Элиза постоянно бередила мои симпатии своими жалостливыми рассказами об обидах, чинимых заключенным. Они ежедневнобыли у нее на слуху, и она возомнила себя судьей, присяжными и адвокатом защиты. В самые холодные дни, когда мы не могли совершать конные прогулки, а ветер дул так яростно, что мы были не в состоянии даже ходить пешком, я видела из наших окон, как бедно они одеты, ибо они ежедневно приходили под конвоем караула колоть дрова и наполнять бочки с водой. Генерал молча сносил выражения сочувствия и порой мои гневные протесты против несправедливого обращения. Он знал, что гневный дух кухни подчиняется естественному закону подъема тепла вверх, и относился к нашему общему буйству из-за обид заключенных с раздражающим спокойствием. Зная о тех, кто содержался на гауптвахте, больше меня, он подкреплял свои позиции фактами, которые уберегали его от расточения сочувствия не по адресу. Он лишь улыбался правдоподобным историям, на которые Элиза поначалу покупалась у кухонной двери. В пересказе они ничего не теряли, так как обладали изрядным воображением и решительно драматической подачей; и наконец, когда я пересказывала эту историю, пытаясь выполнить чудовищно сложную задачу — рассказать ее так, как она была преподнесена мне, молодость, неопытність и эмоциональный темперамент порождали столь абсолютно душу раздирающее повествование, что Генерал наверняка целиком перешел бы на нашу сторону, если бы не припомнил детали военно-полевого суда, судившего этого солдата. Мы были разбиты, но не полностью, ибо отступили к его одежде и взмолились, что раз уж он считается грешником, ему можно позволить хотя бы согреться. Но цветным и белым войскам пришлось оставить поле боя «в полном вооружении» после того, как в ходе расследования выяснилось, что человек, за которого мы заступались, проиграл в карты собственную рубашку.

Неземное спокойствие, с которым муж выслушивал различные рассказы о предполагаемой жестокости — откладывая свою любимую газету с оскорбленным видом, какой умеют принимать мужчины, пока я сидела рядом, чуть ли не плача, жестикулируя, охваченная стремлением защитить обиженного — было, по меньшей мере, невыносимо; и в довершение всего наблюдать, как этот мыльный пузырь мнимого заступничества лопается, а он разражается таким гомерическим хохотом, обнаружив, что человек, за которого я так хлопотала, был главным пройдохой из всех — о, только женщины могут представить себе, каково было в той ситуации бедной мне!

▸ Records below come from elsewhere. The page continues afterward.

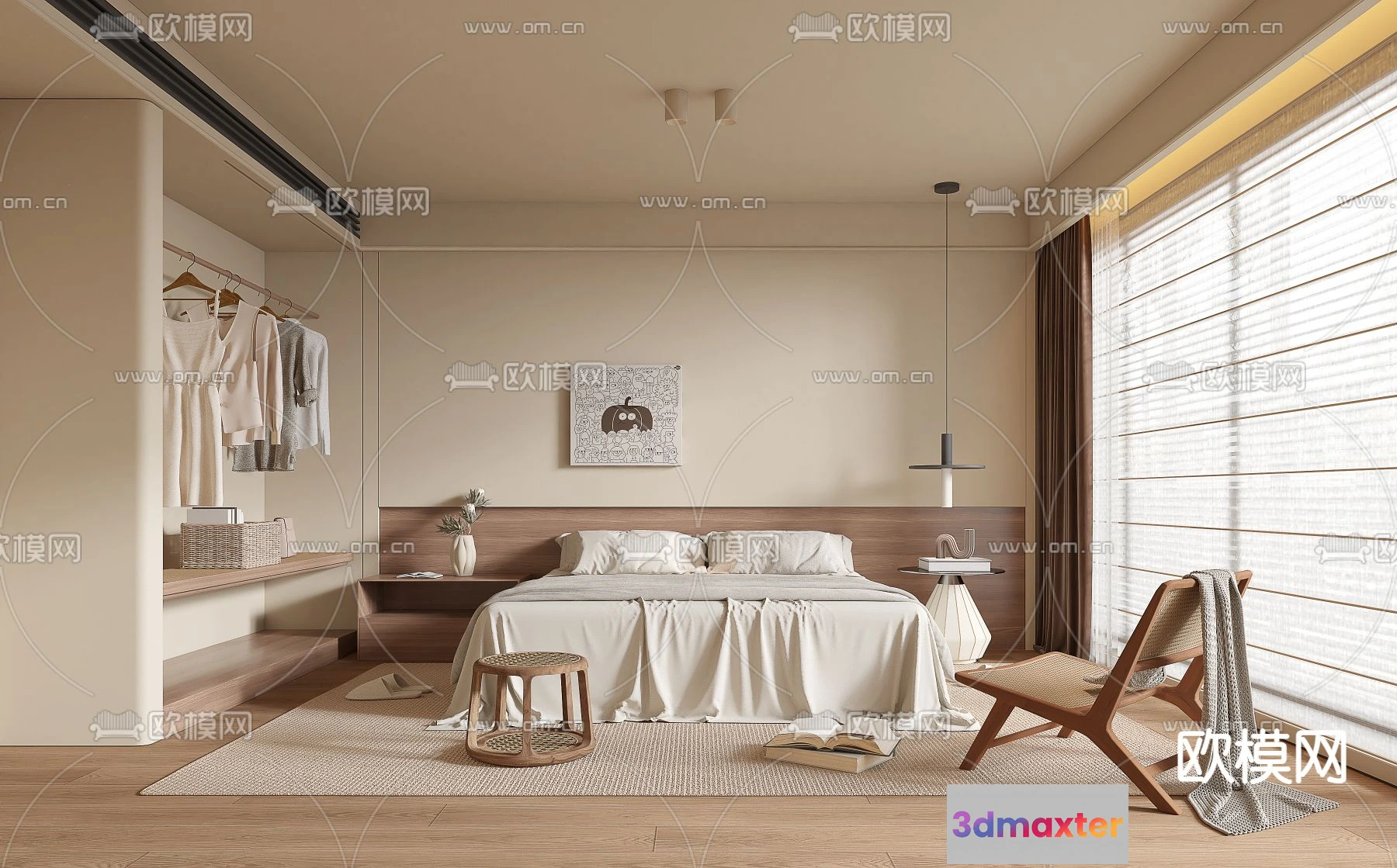 - Name: BEDROOM – MODERN STYLE – VRAY / CORONA – 3D MODEL – 2059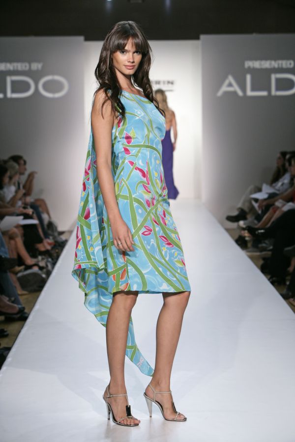 Fashion designer Abi Ferrin’s imagination and creativity are obvious in the special, one of a kind pieces that she produces and the Luz Delia dress is no different. I actually wore this piece to Abi’s “Women of Purpose” event last night and got too many compliments to count on my ensemble. The silk is actually hand painted by a talented artist named Julie Cox Hamm, who meticulously and skillfully decorates the fabrics that Abi uses in many of her fashions. That along with the flowly cut of dress and the end of the cape tied around my left wrist made for the perfect summer party dress last night. It almost felt like I was on a tropical island vacation…….in Dallas!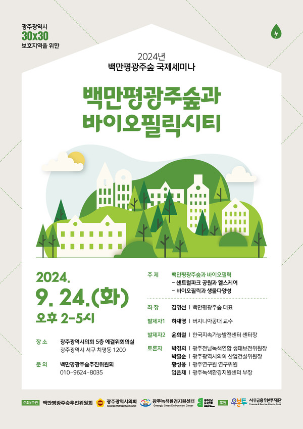 ‘백만평 광주숲과 바이오필릭시티’라는 주제로 열리는 이날 행사는 오후 2시 광주광역시의회 5층 예결위실이 무대다.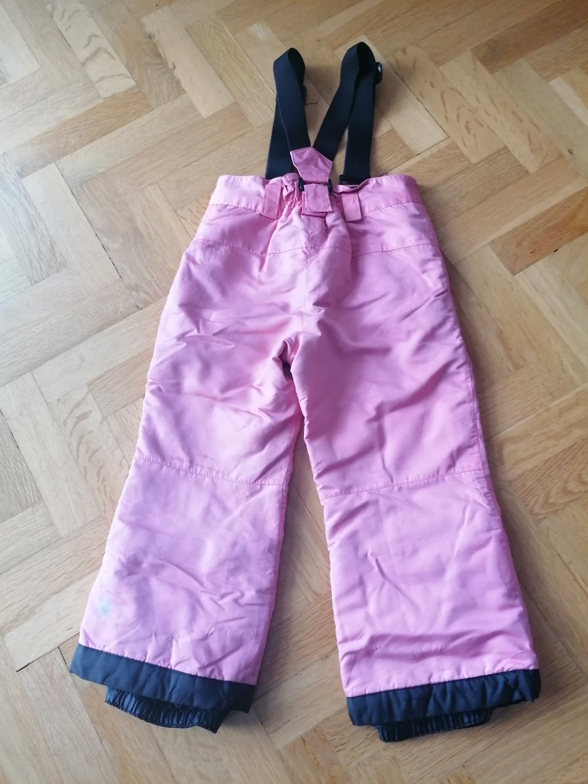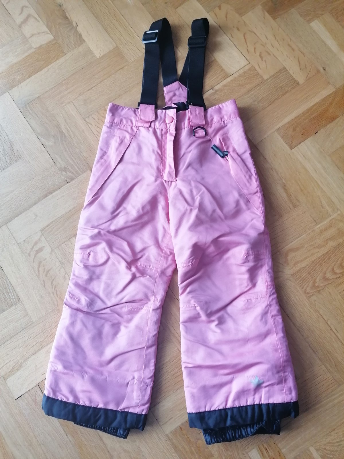 Teplé lyžiarske nohavice do snehu, na nastaviteľné traky, v spodnej časti patent. Nosené málo, nepoškodené. Veľkosť 98/104, dĺžka 60cm, vnútorná dĺžka 40cm, pás 2x28 až 2x32cm.
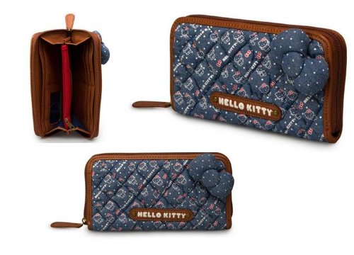 HELLO KITTY CHAMBRAY W/ BOW WALLET QUILTED PUFFY CHAMBRAY QIP AROUND WALLET WITH 3D PUFFY BOW. FAUX LEATHER TRIM AND NAME PLATE APPLIQUE. 8" x 4"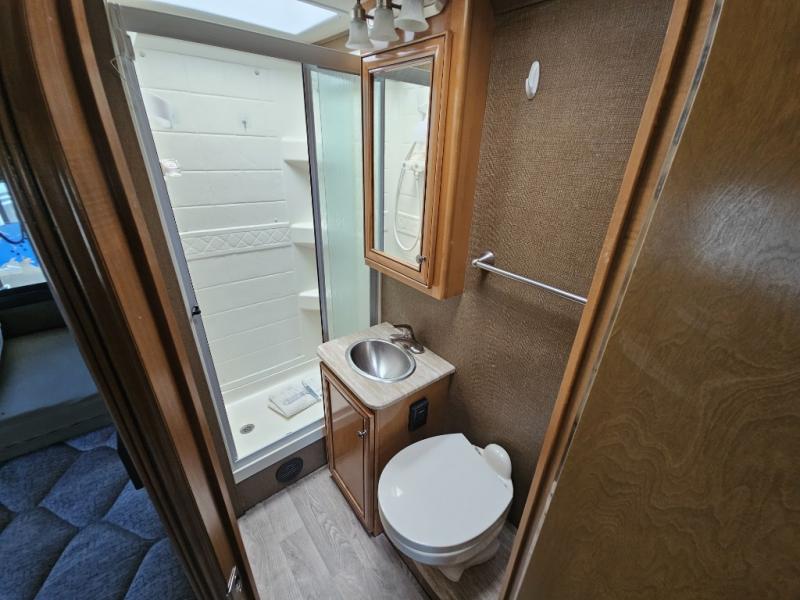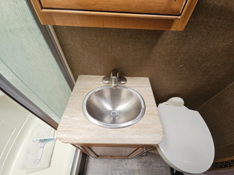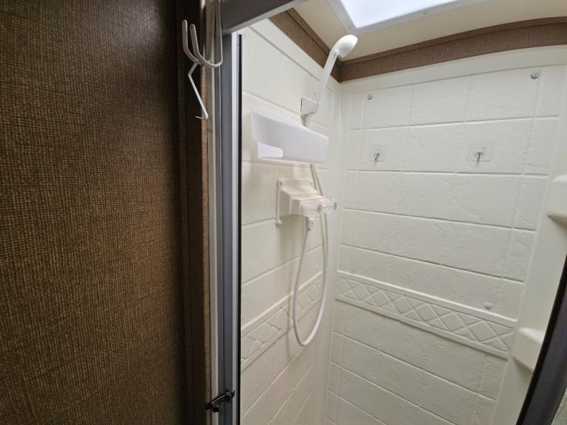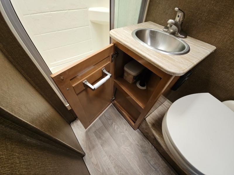In the rear of the Siesta Sprinter 24SA you will find a corner bathroom including a shower, vanity sink, medicine cabinet, and a toilet. There is a closet just outside the bath. The opposite rear corner holds a full size bed with overhead cabinets and optional 24" LED TV.

После одного из таких эпизодов добродушных насмешек над тем, как часто меня обманывают, я мысленно решила: пусть доказательства порочности солдата были слишком сильны, чтобы я могла их игнорировать, но неоспоримым оставалось то факту, что преступник замерзал, и если я не преуспела в том, чтобы освободить его, то могла по крайней мере позаботиться о том, чтобы он не замерз насмерть. В тот момент он застегивал потертую блузу до самого подбородка не только ради тепла, но и потому, что во время вечерней партии в покер его товарищ выиграл исподнее — вещь, как он полагал, совершенно излишнюю, пока греешься у печки на гауптвахте. Я принялась запираться в нашей комнате и рыться в генеральском сундуке в поисках чего-нибудь теплого. Выбор мой оказался неудачным. Там лежали несколько синих фланелевых военно-морских рубашек, добытых с немалым трудом с канонерской лодки на реке Джеймс в последний год войны, равных которым по качеству и долговечности нельзя было найти ни в одном магазине. Материал был настолько хорош, что они не садились и не теряли форму. Широкий воротник украшала вышитая чистым шелком звезда на каждом углу. Генерал купил их из-за прочности, но они оказались живописным дополнением к его щегольскому наряду; а красный галстук, принятый во всей его Третьей кавалерийской дивизии, добавлял ярких красок, в то время как золотистые волосы контрастировали с темно-синим цветом фланели. На канонерские лодки обрушился град просьб о продаже, поскольку его дивизия тоже пожелала перенять эту деталь его облачения, и у военных портных было немало заказов на воспроизведение того, до чего генерал, выражаясь словами офицеров, «додумался» случайно. Поистине, не было цвета лучше для походных условий, так как любой серый оттенок трудно гармонизировать с различными синими тонами мундира. У мужчин есть манера говорить, что мы, женщины, никогда не берем их вещи для бартера или иных зловещих целей без того, чтобы не выбрать то, чем они особенно дорожат. Но у генерала действительно были основания души не чаять в этих рубашках.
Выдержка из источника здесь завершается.